# Cold start and warm up enrichment



## L33t A2 (Aug 5, 2003)

Aside from other tuning issues my car will not start in the cold weather. I read a few old threads where need a vr6 mentioned 300% at 32 degrees, 200% at 100 degrees, 100% at 180+
Also if I get it to fire up it stalls out lean after firing up for a couple seconds. That is warm up enrichment correct? I was only able to search briefly. It's been a few months since my car ran. Last time I started it, ambient was 50-60 F and getting hard to start. Now the ambient is 20-30 F


----------



## L33t A2 (Aug 5, 2003)

Oh forgot to mention. I am running an 87 gti 1.8 8v turbo, wg flapper disconnected until NA tune is solid, stock block with 200k+, metal g60 spacered Hg, g60 head. Running stock ign module and distributor with msns 029y4. MSnS (ms1) from diyautotune.


----------



## ValveCoverGasket (Mar 20, 2002)

it first uses cranking, then after start + warmup enrichment. you can see when each of these is active in the log file, or at the bottom of the tuning window.

if its dies lean after cranking strong you need more WUE
richer is better once youve got it to catch and fire.


----------



## need_a_VR6 (May 19, 1999)

Those were %reqfuel for cranking. Warmup doesnt need to be that big, usually. 

How long does it run after cranking? Any way to wire the wideband to be on/warm to watch some cold starts?


----------



## L33t A2 (Aug 5, 2003)

ValveCoverGasket said:


> it first uses cranking, then after start + warmup enrichment. you can see when each of these is active in the log file, or at the bottom of the tuning window.
> 
> if its dies lean after cranking strong you need more WUE
> richer is better once you've got it to catch and fire.


Thanks VCG, def going to increase both, starting is hard enough and then it dies immediately after.



need_a_VR6 said:


> Those were %reqfuel for cranking.
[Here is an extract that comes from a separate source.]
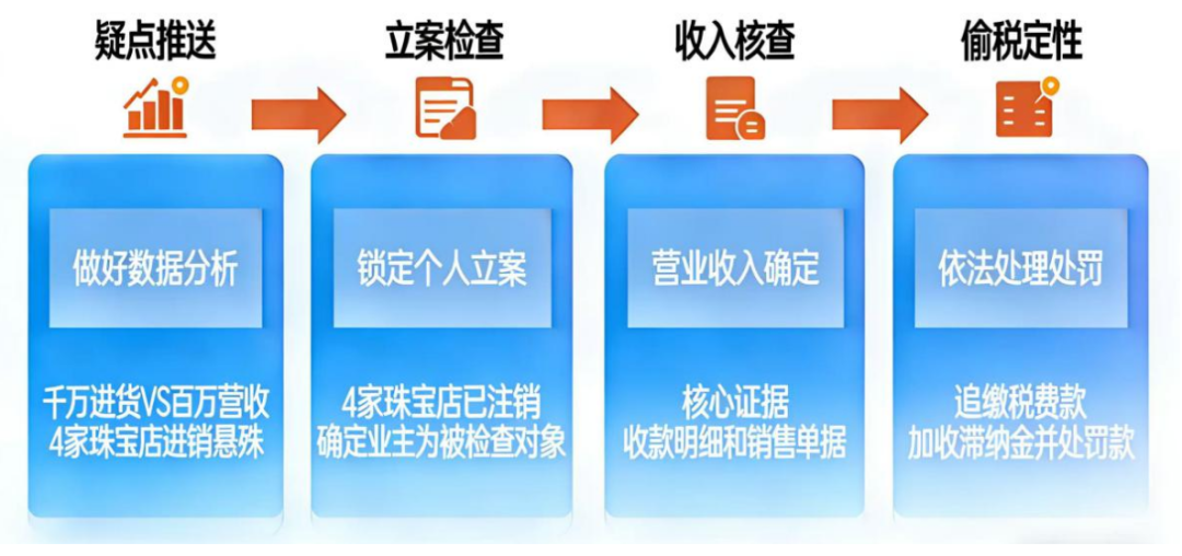 前期,国家税务总局阿克苏地区税务局通过税收大数据分析发现,富晨珠宝行2021-2024年申报收入仅为75万元,年均不足20万元,与该店同位于繁华市中心的其他珠宝行对比,存在巨大差异。鉴于此,税务部门立即对其开展风险核查。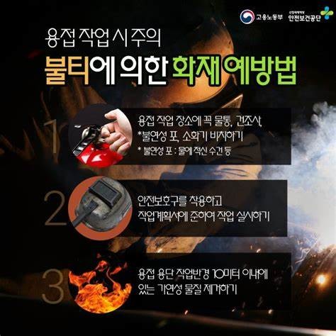 용접사용안전수칙은 ▲용접 작업 시 주변 가연물 제거 ▲ 용접 등 화기 취급 작업 시 화재감시자 배치 ▲ 용접작업 전 내부 잔류 연료 제거 및 세정조치 ▲용접 작업 후 작업장 주변 잔여 불씨 확인·점검 등이다.

Warmup doesn't need to be that big, usually.
> 
> How long does it run after cranking? Any way to wire the wideband to be on/warm to watch some cold starts?


Okay thanks Paul, I wasn't sure if both the cranking and WUE _both_ needed to be jacked up.
It will fire up if I'm lucky, but dies immediately after letting go of the key on the first cough of the engine.
But once is enough, each time I crank the engine over getting it to fire up it will take less cranks.
Then run a few seconds longer until I can feather the throttle enough to keep it running around 2k rpm.
I usually hold it there for about 30 seconds and slowly lift throttle until the idle holds around 600rpm and I let it run for a few minutes at idle which will eventually settle around 850rpm warm.
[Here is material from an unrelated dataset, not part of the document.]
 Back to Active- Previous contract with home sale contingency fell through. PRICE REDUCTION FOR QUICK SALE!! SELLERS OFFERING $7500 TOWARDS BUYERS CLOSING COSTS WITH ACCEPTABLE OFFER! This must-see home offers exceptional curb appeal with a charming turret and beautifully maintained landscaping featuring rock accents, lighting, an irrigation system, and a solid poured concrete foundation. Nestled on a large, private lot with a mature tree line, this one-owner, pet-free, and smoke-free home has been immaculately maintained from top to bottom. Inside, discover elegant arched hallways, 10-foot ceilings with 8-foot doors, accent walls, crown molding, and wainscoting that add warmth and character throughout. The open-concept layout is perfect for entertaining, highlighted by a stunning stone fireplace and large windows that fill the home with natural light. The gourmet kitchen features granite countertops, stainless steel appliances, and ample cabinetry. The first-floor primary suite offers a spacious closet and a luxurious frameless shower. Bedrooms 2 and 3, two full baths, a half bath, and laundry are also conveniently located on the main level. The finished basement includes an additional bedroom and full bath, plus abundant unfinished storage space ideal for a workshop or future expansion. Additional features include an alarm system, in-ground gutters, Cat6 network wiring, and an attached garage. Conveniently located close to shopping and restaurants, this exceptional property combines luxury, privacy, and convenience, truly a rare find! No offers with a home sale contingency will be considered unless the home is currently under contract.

I have an innovate wideband, the one where the gauge is the controller, I forget the model number.
I have to re wire a few things anyway, been driving it with a rat nest of sorts above the clutch pedal for too long.
I appreciate your input, I'll wire the O2 so that It stays on during cranking, right now its triggered off one of the circuits that opens during cranking so after the engine starts running it triggers on into heating mode for 30 secs.


----------



## wrbusa (Jun 13, 2007)

It doesn't sound like you are running any type of idle valve? Idle valves will help cold starting, but aren't totally necessary. They tend to give you a little more room for error in the cold start parameters.

for cold starts/warmup the trick is to get fuel/air matched up within a couple %. I was frustrated by this when setting mine up, and here's what I learned:

If it's not catching, start with cranking pulse. If it wont catch unless you're cracking the throttle, you have too much fuel, so dial it back until it catches without throttle. If it won't catch even with throttle, you have too little fuel, go up in cranking 5% at a time until it fires. This is step 1, do it first before moving on.

Once it catches, runs for 1-2 seconds then dies, start with ASE %. It's a little bit of guess work to determine if it died lean or rich, since likely the wideband isn't reading yet. I like to start lean and add 3% or so at a time until it goes for more than a few seconds.

If it catches, runs for 3-5 seconds then dies lean, add more ASE taper. I found longer taper times help when cold, but I'm running e85 which is a different beast.

Dial WUE as it idles itself up to temp. Watch the AFRs, but really just give it what it wants to idle smoothest all the way to operating temperature.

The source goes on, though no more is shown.